The Steamboat Springs City Council gave the first approval of a bear ordinance that would allow the city manager to require residents to use wildlife-proof trash cans if their properties had repeated problems with wildlife.
The ordinance also would require any residents storing trash outside overnight or in the early morning to use a wildlife-proof trash can. Unlike the ordinance proposed in November, this one did not require all city residents to use wildlife-proof trash containers, regardless of where they live in the city and when they leave their trash out.
A second reading of an ordinance is required for the changes to go into effect. City officials hope to start enforcing the new ordinance this spring.
"It just seems we are going to have to get hardcore in (some) areas," Councilwoman Susan Dellinger said. "The whole point of this thing is to make sure the bears don't get into the trash, and to do that we need bear-proof containers."
The bear ordinance in place, which was adopted in 2001, requires wildlife-resistant trash containers for any garbage that is put out before 5 a.m. and left out after 6 p.m. on trash day. After pickup, all containers must be returned to the building, house, garage or Dumpster enclosure.
The proposed changes would allow the city manager to require residents who had more than one reported wildlife incident in three months to use a wildlife-proof trash can, even if the residents were not violating the ordinance.
The council did discuss lengthening the time in the evenings when residents could leave their trash outside. Councilman Ken Brenner said many working people would have trouble getting home before 6 p.m. to put their trash cans inside.
He thinks empty trash cans sitting out in the evening do not cause the problems, but full ones left out overnight do.

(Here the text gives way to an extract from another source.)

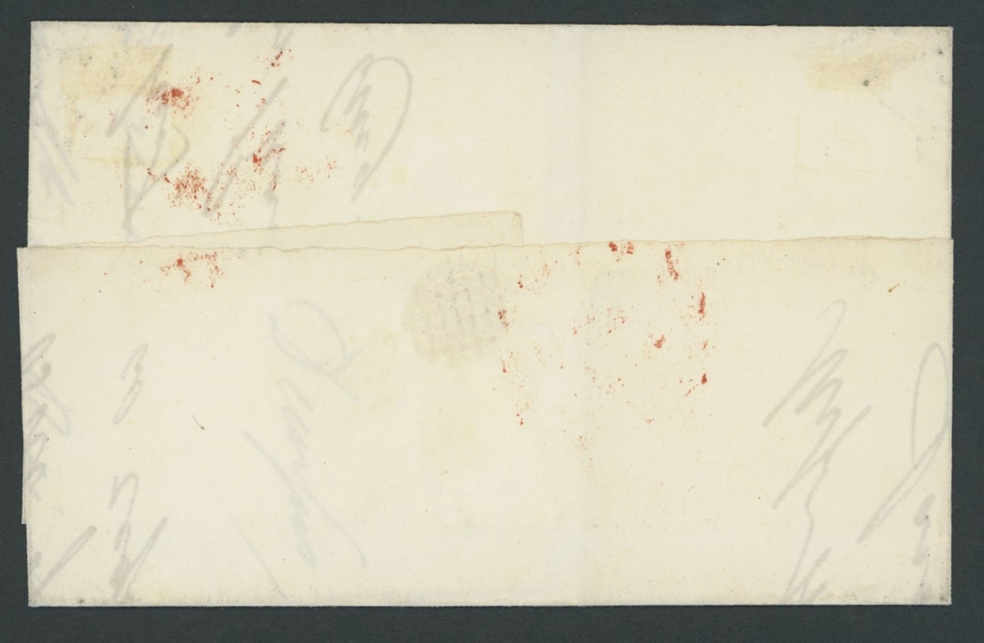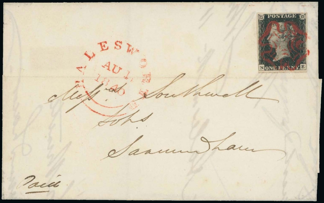 NE, clear margins all round, tied by blood red Maltese Cross of Halesworth to 1840 (11 Aug.) entire letter to Saxmundham, the face with superb Halesworth d.s. in matching ink. Filing fold clear of the adhesive. Very fine and scarce.

This summer, close to 200 warnings were issued to residents who were violating the city ordinance, but only four cases went to municipal court, and the judge dismissed two of those cases.
City Prosecutor Collette Erickson said violators could not be easily prosecuted because the existing bear ordinance is under the city nuisance code, and the nuisance just has to be abated for the case to be dismissed.
Erickson asked that the municipal judge have more flexibility with the penalties and recommended similar leeway that is given in assigning traffic fines. Under city law, most fines do not start for less than $45.
Erickson said it also could be possible for a judge to waive a $100 fine if the offender, on the second offense, agreed to purchase a wildlife-proof trash can.
Valerie Masiello, District Wildlife Manager for the Steamboat area, said the city's improved ordinance would not stop bears and other wildlife from coming into the city limits and into people's property, but it would reduce the risk of human and bear encounters.
"It is not going to keep them out of town, but it will keep them away from food and people," she said.
Taking away easily accessible trash cans as a food source and discouraging bears from being near residences, such as banging pots and pans and making loud noises, will send the message, she said.
"The only thing these bears have gotten in Steamboat Springs is positive reinforcement. We need to give them nothing or negative reinforcement," Masiello said.